"Elbette sen her şeye kadirsin yâ Rabbi!.."
04/04/2019 Perşembe Köşe yazarı V.T
"Dostlardan duâ etmelerini istiyoruz. Yâ Rabbi!
Nûrumuzu tamamla ve bizi mağfiret eyle."
İshak Sindî hazretleri Sind’de (şimdiki Pakistan’da) yetişen
büyük velîlerdendir. Hicri onbirinci asrın ortalarında vefât etti. İmâm-ı
Rabbânî hazretlerine, büyük bir şevk, ihlâs ve yalvarmakla dolu bir mektup
yazarak, kavuştuğu ihsânları, hâlleri bildirdi. Yazdığı mektuba ayrıca bir
vâkasını da ilâve etmiş olup, yazdığı vâka aynen şöyle idi:
“Allahü teâlânın rahmetinden ümitli olan, bu kıymetsiz,
değersiz fakir, Mûsâ oğlu İshak, arz ederim ki; hâlim Şeyh Kerîmüddîn’in yüksek
nazarları inâyetiyle, başka bir hâle dönünce, aynı hâl esnasında vâki olan,
kalpteki tasavvurda hidâyet rehberi devranın kutbu, efendilerin efendisi,
üstadların üstadı, mürşidlerin mürşidi, Şeyh Ahmed-i Serhendî hazır oldular. Bu
murâkabe esnasında kalemi aldılar. Yazdılar ve şu birkaç kelimeyi bu fakirin
eline verdiler. Çok yüksek teveccüh buyurdular.” İshak Sindî yazdığı mektûbu
hazret-i İmâm’a gönderdi, İmâm-ı Rabbânî hazretleri de İshak Sindî’nin bu
mektubuna cevap olarak şu mektubu yazdılar:
“Allahü teâlâya hamd olsun. Sevdiği, seçtiği kullarına
selâmlar olsun. Rahmi Ali ile gönderdiğiniz mektup geldi. Zevk ve şevkle ilgili
yazılar olduğu için, sevinmemize sebep oldu. Ayrı bir kâğıtta yazılı olan
vakayı okuyunca, yine sevindim. Böyle vakalar müjdecidirler. Çalışmak lâzımdır
ki, böyle vakalar, duymaktan, işitmekten çıkıp, hâl ve fiil hâlini alsınlar.
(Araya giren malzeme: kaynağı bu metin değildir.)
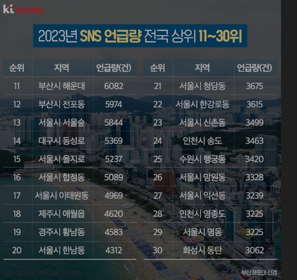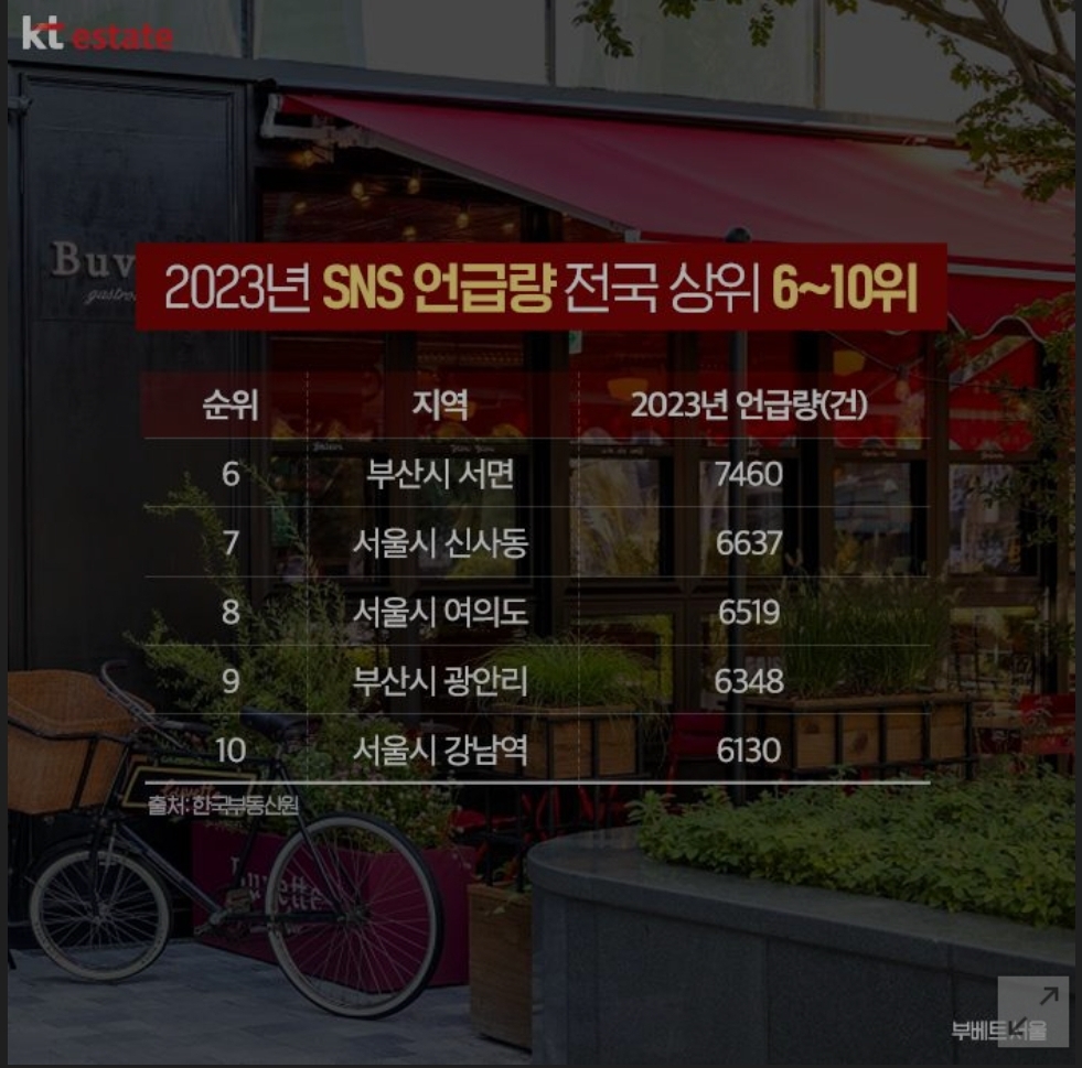 🎈또한, 인근 부산시 전포동(전리단길)도 5974건으로 12위에 올랐습니다.

Bugün kusurları düzeltmek mümkündür. Fırsatı ganîmet bilmeli ve tehir etmemeli,
sonraya bırakmamalıdır. Hazret-i Hâce Ubeydüllah-i Ahrâr (kuddise sirruh)
buyurdular ki:
-Dervişlerle bir arada oturuyorduk. Cuma gününde duâların
reddolunmadığı saatten konuşuluyordu ve diyorlardı ki: 'Eğer bu saat bilinse,
bu saatte Allahü teâlâdan ne isterdiniz?' Herkes bir şeyler söyledi. Sıra
bana gelince; (Cemiyyet sahiplerinin [evliyânın] sohbetini istemek en iyisidir,
çünkü, bütün saadetler bundadır) dedim. Mektuplarımızdan bir kısmını
talebelerim istinsah edip (çoğaltıp) Rahmi Ali’ye verdiler. Allahü teâlâ,
onlardan faydalanmanızı nasip etsin! Şeyh Kerîmüddîn geleli epey zaman
oldu. Herhâlde kendisi size mektup yazar. Vaziyetimiz iyidir. Dostlardan duâ
etmelerini istiyoruz. Yâ Rabbi! Nûrumuzu tamamla ve bizi mağfiret eyle. Elbette
sen her şeye kadirsin. Allah yolunda gidenlere ve Peygamberimize (sallallahü
aleyhi ve sellem) uyanlara selâmlar olsun.”